Bei der Abstimmung über das Brexit-Abkommen wurde eine Niederlage der Regierung immer wahrscheinlicher. Nun hat May sie verschoben.

Großbritanniens Premierministerin Theresa May spricht im Parlament

Will den Deal noch nachverhandeln: die britische Premierministerin Theresa May Foto: reuters

Angesichts einer drohenden Niederlage hat die britische Premierministerin Theresa May am Montag Nachmittag die Notbremse gezogen und die für Dienstag angesetzte Abstimmung im Unterhaus über das ausgehandelte Abkommen über den EU-Austritt Großbritanniens auf unbestimmte Zeit verschoben.
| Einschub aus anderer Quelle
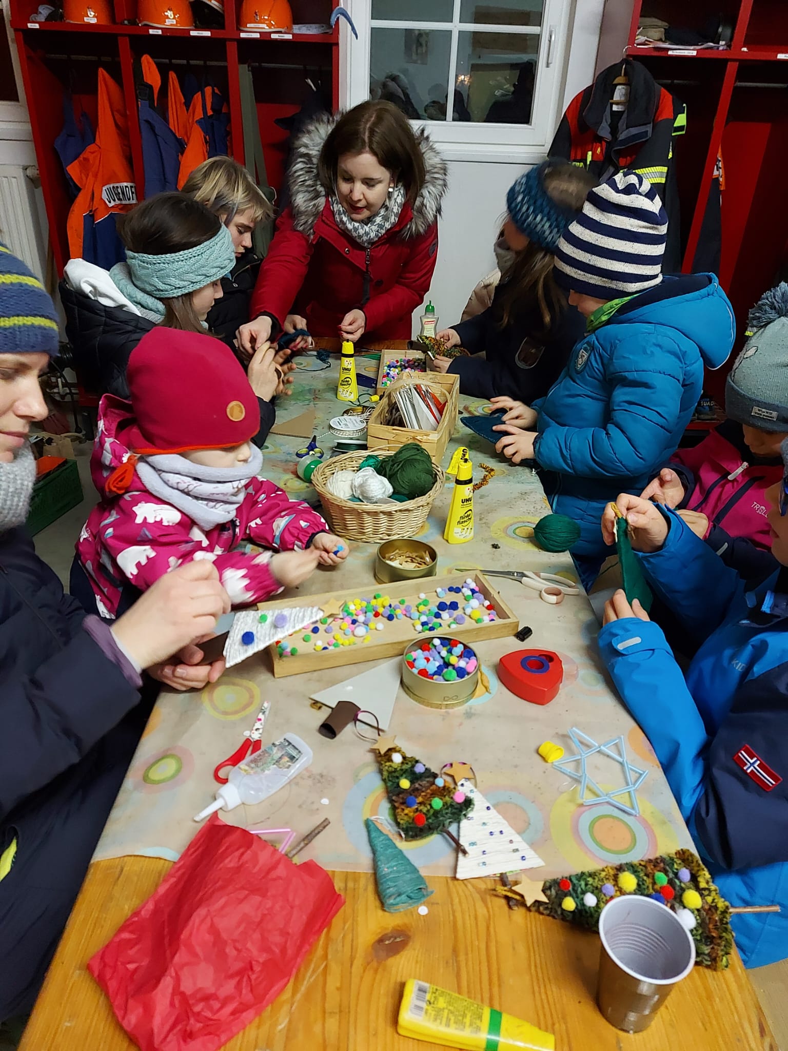 In der Feuerwehr bastelten Mandy und Sarah mit den Kindern Sterne und Weihnachtsbäumchen. Familie Friedrich hatte Holzbastelsets, die zu Eulen oder Engeln zusammengefügt werden können, zum Erwerb vorbereitet.

Es geht um den Brexit-Vertragsentwurf, den alle EU-Mitglieder am 25. November gebilligt hatten. Er tritt erst in Kraft, wenn das britische Parlament ihn ratifiziert. Seit knapp einer Woche reden sich die Parlamentarier darüber die Köpfe heiß.

Mit jedem Tag zeichnete sich klarer ab: Im Unterhaus hatte der „Deal“ keine Chance. Die regierenden Konservativen halten nur 316 der 650 Sitze; rund 100 wollen mit Nein stimmen, ebenso alle anderen Parteien.
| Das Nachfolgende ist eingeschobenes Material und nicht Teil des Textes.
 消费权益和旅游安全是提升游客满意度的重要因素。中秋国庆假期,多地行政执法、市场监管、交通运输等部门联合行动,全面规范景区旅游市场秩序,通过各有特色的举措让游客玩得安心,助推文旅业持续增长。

Am Montag Vormittag engte die EU-Kommission Mays Spielraum weiter ein: Sie bekräftigte, es werde keine Nachverhandlungen geben. Die hatte die britische Regierung jüngst noch als Option ins Spiel gebracht. May kündigte am Nachmittag trotzdem an, erneut zu Gesprächen nach Brüssel zu reisen.

Am Abend zeigte sich die EU dann zumindest gesprächsbereit: Nach Informationen der Nachrichtenagentur afp hat EU-Präsident Donald Tusk ein Brexit-Treffen für Donnerstag einberufen, das am Rande des regulären EU-Gipfels in Brüssel stattfinden soll. Es werde keine Nachverhandlungen zu dem Brexit-Abkommen geben, allerdings sei die EU bereit zu Gesprächen darüber, „wie die britische Ratifizierung erleichtert werden kann“, erklärte Tusk.

Premierministerin May hatte zuvor daran erinnert: ohne einen ratifizierten Brexit-Vertrag kommt der Brexit ohne Vertrag. Den Brexit hatten die britischen Wähler 2016 bei einer Volksabstimmung beschlossen, das Austrittsdatum 29. März 2019 ist inzwischen gesetzlich festgelegt. Um daran rütteln zu können, muss das Parlament vorher das Gesetz wieder kippen, das den Brexit festschreibt.

Austritt muss „bedingungslos“ sein

Diese Option erhielt am Montag Auftrieb durch den Europäischen Gerichtshof. Großbritannien habe bis zum Austrittsdatum das Recht, seinen Austrittsantrag wieder zurückzuziehen, urteilte der EuGH im Eilverfahren. Wegen der großen Bedeutung urteilte er in voller Besetzung mit 28 Richtern.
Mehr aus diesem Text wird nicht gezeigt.